Question

the graph of the function ( f(x) = x^2 + bx + 12 ) is shown. which statements describe the graph? check all that apply.

• the vertex is the maximum value.
• the axis of symmetry is ( x = -4 ).
• the domain is all real numbers.
• the range is all real numbers.
• the function is increasing over ( (-infty, -4) ).
• the ( x )-intercepts are at ( (-6, 0) ) and ( (-2, 0) ).

Explanation:

Step1: Analyze the parabola's direction

The function is \( f(x)=x^{2}+Bx + 12 \), the coefficient of \( x^{2} \) is \( 1>0 \), so the parabola opens upward. So the vertex is the minimum value, not maximum. So "The vertex is the maximum value" is wrong.
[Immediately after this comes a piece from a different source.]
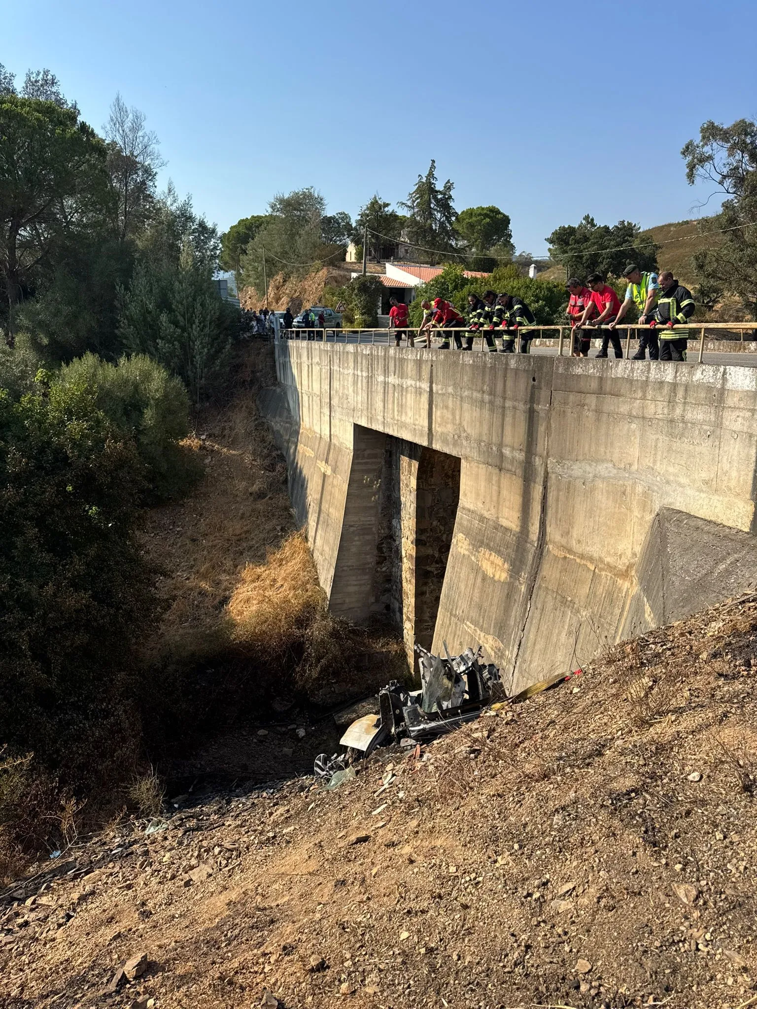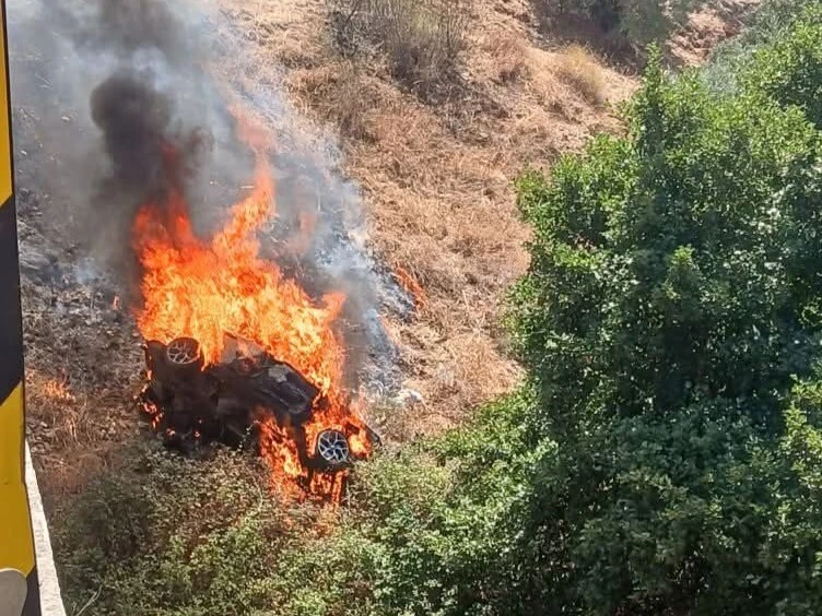 O alerta foi dado pelas 12.46 horas. O carro caiu junto à Ponte da Ribeira da Carrasqueira e incendiou-se, tendo as chamas passado para o mato e criado um incêndio florestal.

Step2: Find the axis of symmetry

For a parabola \( y = ax^{2}+bx + c \), the axis of symmetry is \( x=-\frac{b}{2a} \). Also, from the graph, the vertex is at \( x=- 4 \) (mid - point of \( x=-6 \) and \( x = - 2 \)), so the axis of symmetry is \( x=-4 \), this statement is correct.

Step3: Determine the domain

For a quadratic function \( y=x^{2}+Bx + 12 \), there are no restrictions on the input \( x \), so the domain is all real numbers, this statement is correct.

Step4: Determine the range

Since the parabola opens upward, the range is \( y\geq k \) (where \( k \) is the \( y \) - coordinate of the vertex), not all real numbers. So "The range is all real numbers" is wrong.

Step5: Analyze the increasing/decreasing interval

Since the parabola opens upward and the axis of symmetry is \( x = - 4 \), the function is decreasing over \( (-\infty,-4) \) and increasing over \( (-4,\infty) \). So "The function is increasing over \( (-\infty,-4) \)" is wrong.

Step6: Find the x - intercepts

We can factor the quadratic function. If the roots are \( x=-6 \) and \( x=-2 \), then \( f(x)=(x + 6)(x + 2)=x^{2}+8x + 12 \), which matches the form \( f(x)=x^{2}+Bx + 12 \) (here \( B = 8 \)). Also, from the graph, the parabola intersects the \( x \) - axis at \( (-6,0) \) and \( (-2,0) \), so this statement is correct.

Answer:

• The axis of symmetry is \( x=-4 \)
• The domain is all real numbers.
• The \( x \) - intercepts are at \( (-6,0) \) and \( (-2,0) \)